Google Meets HIPAA Compliance and Security Measures:
Impact Family Inc. utilizes Google Meets for webcam sessions. Google ensures that health-related organizations' customers’ data is safe, secure, and HIPAA compliant. To demonstrate our compliance with industry security standards, Google has sought and received security certifications such as ISO 27001 certification and SOC 2 and SOC 3 Type II audits.
G Suite and Cloud Identity can also support HIPAA compliance for customers subject to the Health Insurance Portability and Accountability Act (HIPAA) requirements. Under HIPAA, certain information about a person’s health or healthcare services is classified as Protected Health Information (PHI). G Suite and Cloud Identity customers subject to HIPAA and wishing to use G Suite or Cloud Identity with PHI must sign a Business Associate Agreement (BAA) with Google.
Please download the Impact Family Inc. Business Associate Addendum with Google/Alphabet.
Fireflies.ai HIPAA Compliance and Security Measures
Impact Family Inc. may sometimes use third-party applications such as Fireflies.ai only to record audio and transcribe meeting notes. These notes are shared with the client as part of our commitment to transparent and accessible communication. We ensure all third-party applications are HIPAA compliant and adhere to strict industry standards to protect your PHI. By engaging in services with Impact Family Inc., you acknowledge and consent to using such third-party applications for note-taking and record-sharing purposes.

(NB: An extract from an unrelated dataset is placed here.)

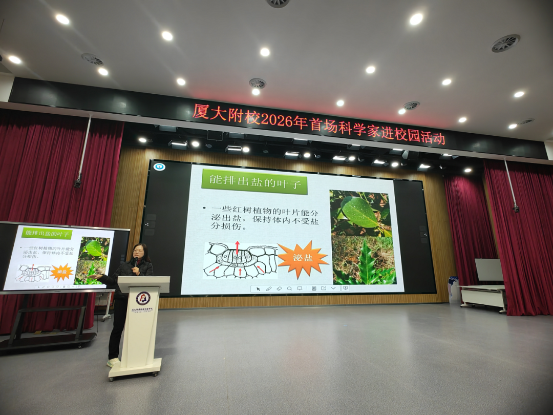 2026年1月5日下午,厦大附属翔安实验学校钟鸣厅内气氛热烈,掌声不断。2026年首场“科学家进校园”活动暨“思维大讲堂第二讲”红树林探秘专题讲座在此举行。全校300名学生代表与厦门大学环境与生态学院陈鹭真教授一同,开启了一场沉浸式的红树林科学探索之旅。厦门大学环境与生态学院工程师郑陈娟、附校校长刘杨、副校长李生华、课程发展中心主任魏燕妨共同出席了本次活动。

Fireflies.ai is HIPAA-compliant and adheres to strict measures to protect patient health information in the United States. To safeguard your health data, Fireflies implements the following security protocols:
- Private storage to ensure HIPAA compliance.
- Business Associate Agreements (BAA) with vendors such as OpenAI and ASR ensure they do not trade, train, or store your data.

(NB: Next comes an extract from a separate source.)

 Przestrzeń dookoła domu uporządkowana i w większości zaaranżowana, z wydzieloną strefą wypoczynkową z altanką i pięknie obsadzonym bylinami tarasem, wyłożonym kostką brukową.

- Zero-day retention policy: No data is stored on vendor systems, such as OpenAI, for any duration.
How Do Fireflies Manage Security Vulnerabilities?
Fireflies.ai is regularly scanned using industry-standard tools to monitor and detect vulnerabilities. To further enhance security, Fireflies runs a continuous bug bounty program with HackerOne to identify and address potential vulnerabilities. However, no security system is entirely impenetrable. In a security breach, Fireflies will take reasonable steps to investigate, notify affected individuals, and comply with all relevant laws and regulations.
Data Encryption and Security
Fireflies.ai ensures that all user data, including meeting transcripts, audio recordings, calendar events, emails, and user settings, is encrypted end-to-end, both at rest and in transit, using industry-standard encryption protocols. Specifically:
- Data encryption: 256-bit AES encryption for data at rest and TLS 1.2 encryption for data in transit.
- Backup snapshots: Metadata (calendar events, emails, user settings) is backed up every 4 hours and retained for a maximum of 1 year. No transcripts or audio recordings are stored in these snapshots.
Fireflies implement robust security practices to maintain the confidentiality and integrity of all data collected and shared with its service providers.